▶ EXERCISE INSTRUCTIONS: The expected result is an exact restatement of the data, free of pictures.

▶ RECORDED DATA:

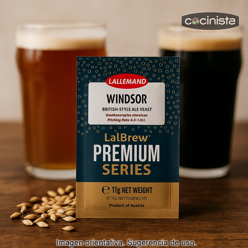 La levadura Windsor de Lallemand (sobre de 11 g) es una levadura seca de fermentación alta procedente de una cepa genuinamente británica, muy apreciada por su capacidad para generar una rica expresión de ésteres (aromas y sabores afrutados) que se perciben claramente tanto en nariz como en boca. Las cervezas elaboradas con Windsor suelen resultar robustas, redondas y afrutadas, con un perfil clásico de ale inglesa.
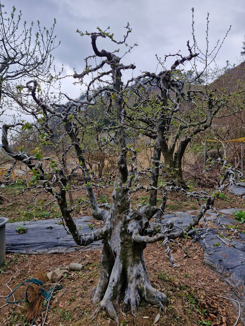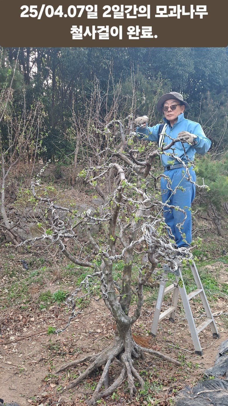 정원수형으로 기르던 모과나무를 재사용 철사를 이용한 철사걸이하여 키를 낮추고 수형을 잡아 주기위해 철사걸이를 하여줌. (4/1~07일)
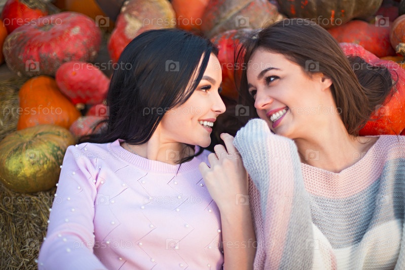 Модные красивые молодые подруги вместе на осеннем тыквенном фоне. Веселимся и позируем

▶ SOLUTION TO THE EXERCISE:
 La levadura Windsor de Lallemand (sobre de 11 g) es una levadura seca de fermentación alta procedente de una cepa genuinamente británica, muy apreciada por su capacidad para generar una rica expresión de ésteres (aromas y sabores afrutados) que se perciben claramente tanto en nariz como en boca. Las cervezas elaboradas con Windsor suelen resultar robustas, redondas y afrutadas, con un perfil clásico de ale inglesa.
 정원수형으로 기르던 모과나무를 재사용 철사를 이용한 철사걸이하여 키를 낮추고 수형을 잡아 주기위해 철사걸이를 하여줌. (4/1~07일)
 Модные красивые молодые подруги вместе на осеннем тыквенном фоне. Веселимся и позируем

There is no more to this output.